Distorting the market in favor of “necessary” goods usually ends up with those goods costing just as much, other goods costing more, and inequality rising.

Fully agreed.

I think my gut feeling is that this distorts the market in favor of homeowners, although I really need to sit down with some paper and excel and model this to be confident in my assertions (hence why I am bugging you, as you seem quite knowledgeable on the topic).

I'm also deeply supply pilled on housing, so exempting landlords from taxes on rentals doesn't sound like the worst idea right now (although gutting zoning garbage would be much more effective).

I guess my question(s) to you are:

  1. am I off base for assuming/feeling like this tax policy will make people tilt even harder towards ownership vs rental

  2. maybe this is the same question phrased differently but how is this not a huge imputed benefit for home owners? We already give them SO many (tax free appreciation, the fact you get so much leverage at all, frequently able to gain tax benefits from mortgage interest or Smith maneuver HELOCs, tax breaks/credits for Hosie upgrades that improve quality of life subsidized by taxpayers) and now on top of that there is a consumption tax on rent.

I also again want thank you for introducing this idea to me. I've actually been thinking a lot about tax policy recently (lmao) and I'd recommend taking a look at the Mirrlees report if this is a subject of interest to you, it was cool.

Personally, I was thinking of a tax regime along the lines of:

  1. Land value tax (maybe not 100% Georgist, as I think there are some economically optimal but societally sub optimal outcomes in extremely expensive downtown cores)

  2. 0% corporate tax

  3. Aggressive marginal income taxes with brackets wayyyyy up into the millions.

  4. Elimination of tax deferral/planning at a HoldCo level with extremely punitive (in Canada, referred to as "Part IV taxes") measures to ensure that all cash not reinvested into businesses is taxed immediately. Galen Weston, a Canadian billionaire, has a private HoldCo that receives more than $100mil in dividends each year from his public operating companies. I want that $100mil either poured back into his operating companies at their level as tangible investments in the company, or taxed at his personal income tax rate before he gets to invest it in whatever else he feels like.

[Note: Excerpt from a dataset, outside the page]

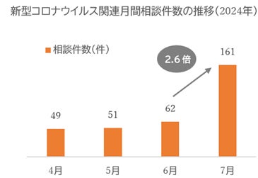 2024年7月「みんなの家庭の医学」の健康相談に寄せられる新型コロナウイルス感染症に関連する相談件数が前月比約2.6倍に増加。

The two outstanding parts to this "model" are:

  1. I need to make sure "Part IV on steroids" doesn't break LP/GP structures and other such things. I am not trying to cripple the finance industry, just ensure everyone pays their fair share and money gets put to the highest and best use.

  2. I wasn't sure how to deal with sales taxes. I generally view them as regressive and kind of silly, and a burden on everyone to file for, etc. seemed "cleaner" to just boil it all down to income tax and then ensure everyone's income was fully reported.

However, FairTax might be converting me. It is actually even cleaner to just delete everything and instead just do sales tax. It's an interesting proposal.